Osvaldo navegava pela internet, quando se deparou com uma foto dos integrantes da Academia de Letras de Ondejudasperdeuasbotas. Levou um susto, nenhuma mulher bonita, nenhum homem de aparência distinta. Por sobre as roupas, que variavam de discretos vestidos longos a terninhos de um amarelo-canário berrante e calças jeans (para eles), envergavam opas, capas sem mangas de tamanho desigual, destinadas a solenidades e nitidamente costuradas nas coxas. Alguns sorriam e encaravam a câmera, como se obedecendo à ordem do fotógrafo, “olha o passarinho”.
Duas mulheres, talvez buscando parecer etéreas, sensíveis, inclinavam a cabeça para o lado; tadinhas, pareciam estar com torcicolo. Porém, quando conseguiu descartar a dimensão estética (argh), o que o impressionou foi a satisfação que irradiava de todos eles, felizes como pintos no lixo.
Intrigado, Osvaldo buscou, na rede, Academias de Letras tupiniquins. Encontrou muitíssimas, afinal não faltavam personagens bíblicos, todos capazes de perder as botas. Na grande maioria, a mesma tigrada puxada para feia, mas irradiando contentamento por suas realizações literárias e pela convivência com seus confrades.
Osvaldo percebeu, melancólico, que todos eles haviam alcançado a glória – uma gloriazinha fraquinha, meio murcha, mas que os enchia de satisfação. Quanto a ele, também escritor, confrade dos acadêmicos dos confins onde se perdiam as botas, talvez tivesse fixado o sarrafo alto demais. Buscara conquistar a Glória, não conseguira; agora, tentava seduzir qualquer uma, o importante era imortalizar-se como literato.
Mas, tadinho, seguia pela estrada da vida de rejeição em rejeição.

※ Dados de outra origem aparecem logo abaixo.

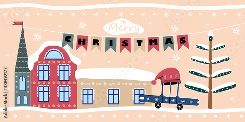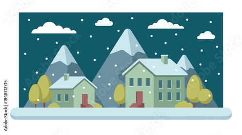 Vektorová sada zimní Panoráma města s kluzištěm, horskou krajinou a kavárnou na horském pozadí. Zimní příroda a místa pro zimní sporty a rekreaci koncept designové prvky v plochém stylu
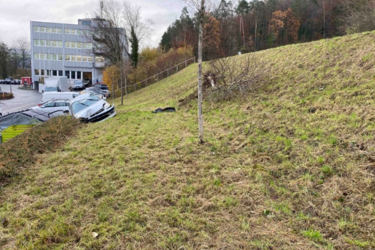 Ein Auto ist von der Strasse abgekommen, in einen Baum geprallt und nach einem Überschlag zum Stillstand gekommen. Die beiden Insassen hatten einen Schutzengel und konnten das Fahrzeug unverletzt verlassen.
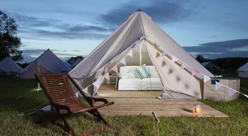 كما وتتضمن الخيم غرف نوم وأخرى المعيشة، وركنات للطعام، وحجرات استقبال، وحمامات فاخرة.ووفقًا لما ذكره المدير العام للفندق "مارك سوريل" لصحيفة "ديلي ميل" البريطانية، فإن فكرة تأسيس الفندق راودته بعد أن قضى 12 عامًا يطور فى منتجع جزر "كايمان" على البحر الكاريبي ، وهو عبارة عن منتجع ذي أكواخ من القش، ومن ثم أراد أن ينقل الفكرة إلى موطنه فى "سومرست" بإنجلترا ويبنى "فندقًا محمولاً" من الخيام.

Desesperado, o escritor do sarrafo alto tentou um último recurso. Descobriu os e-mails de duas academias de lugarejos sem botas e enviou-lhes um conto, Vozes. Era um de seus melhores (já publicado pelo Notibras). No e-mail, manifestava seu desejo de mudar para a cidadezinha do personagem descalço e pedia que o aceitassem como confrade.

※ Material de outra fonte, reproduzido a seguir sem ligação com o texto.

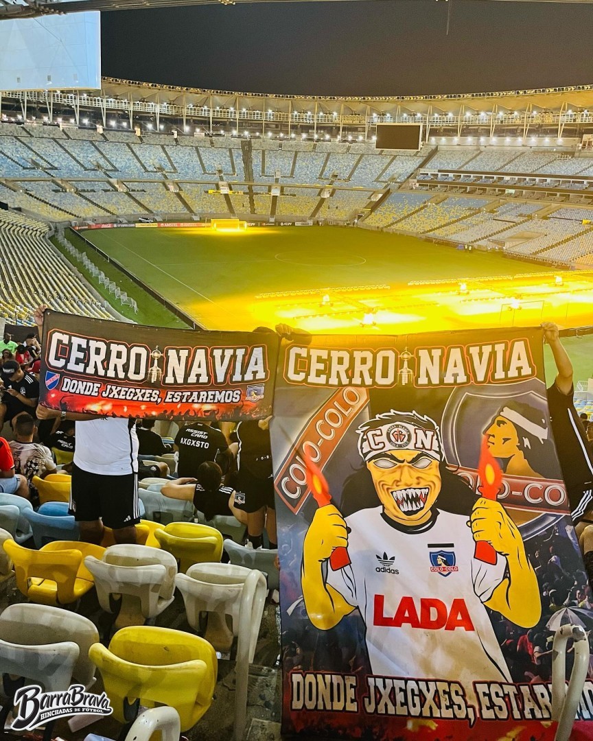Trapos de la barra brava Garra Blanca y hinchada del club de fútbol Colo-Colo de Chile

As respostas chegaram no mesmo momento, uns quinze dias depois. Nada animadoras. A mais expressiva iniciava com: “A Osvaldo xxx, filho de uma égua, escritor de bosta”.
O texto prosseguia, chamando-o de bostaldo, dizendo que ele havia zombado, no conto, dos poetas que rimavam amor, flor e dor. Todos eles faziam isso, e se orgulhavam de seus versos; nunca aceitariam como confrade um fiodeumaégua de cidade grande que ria deles. E terminava com uma ameaça:
“Fica aí no Sul maravilha, bostaldo, que logo vais receber a visita de João Mauzão. Ele não é nosso confrade, um literato sensível que nem nós, mas maneja a peixeira como ninguém. Vais aprender a não zombar dos poetas esforçados do nosso Brasil”.

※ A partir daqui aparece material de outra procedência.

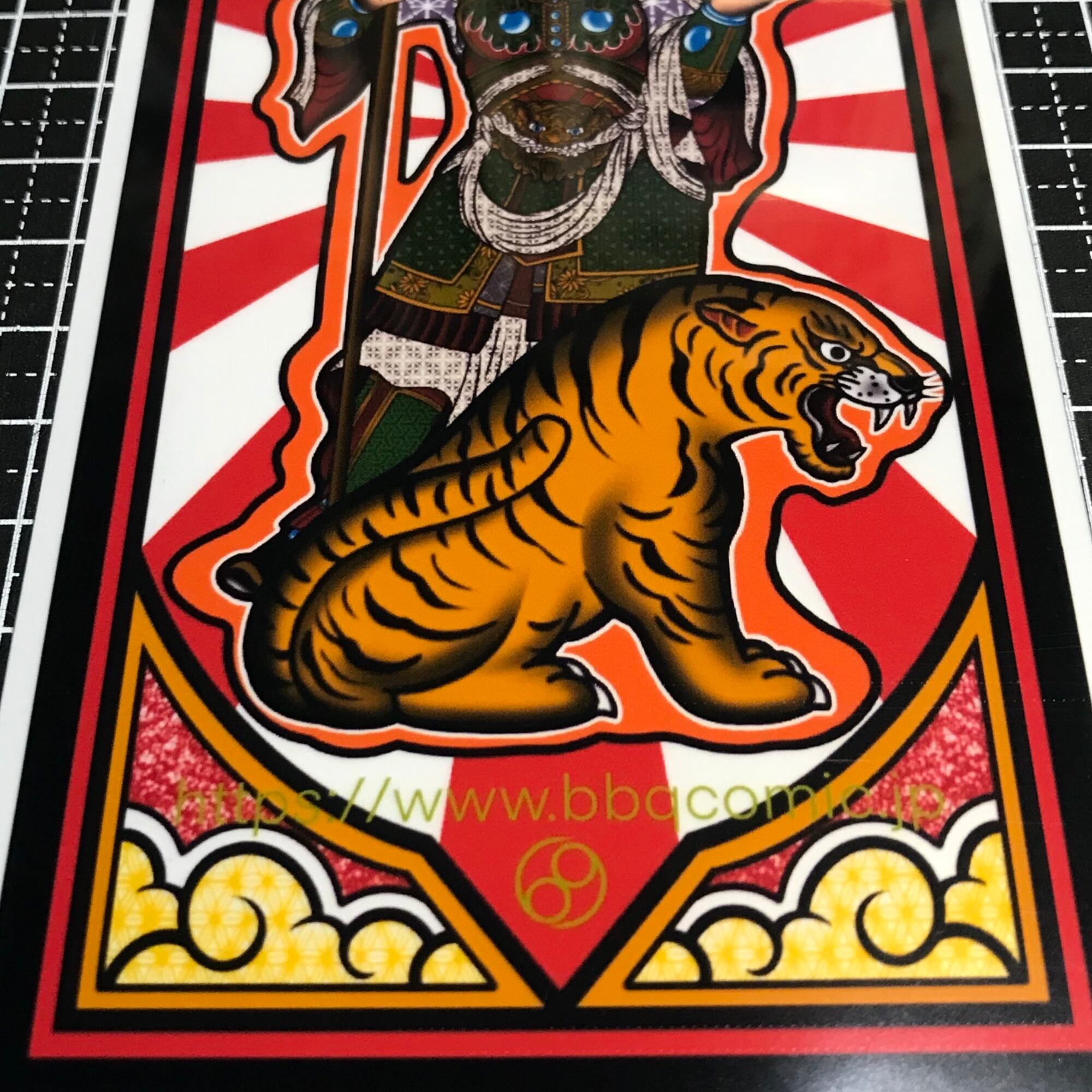 甲冑をまとい、右手に宝棒、左手に宝塔を持つ

Agora, Osvaldo espera, apavorado, a chegada da besta fera. No fundo, sabe que a culpa é dele mesmo. Antes, sentia uma espécie de ternura pelos que chamava de “oligopoetas”, com seus versinhos chinfrins; como escrevera no conto O poeta abestado (já publicado pelo Notibras), davam-lhe vontade “de pegar no colo e ninar, até que dormissem e esquecessem suas pretensões literárias”. Mas depois, com a não conquista da glória, passara a sentir inveja até mesmo deles.
Soaram as 10, hora de sair de casa, de ir pra aula de peixeira. Em seguida, emendando, aula de tiro. Mas, no fundo, Osvaldo sabe que não vai adiantar, mesmo que treine adoidado, alguém que atende pelo codinome de João Mauzão é areia demais pro seu caminhãozinho.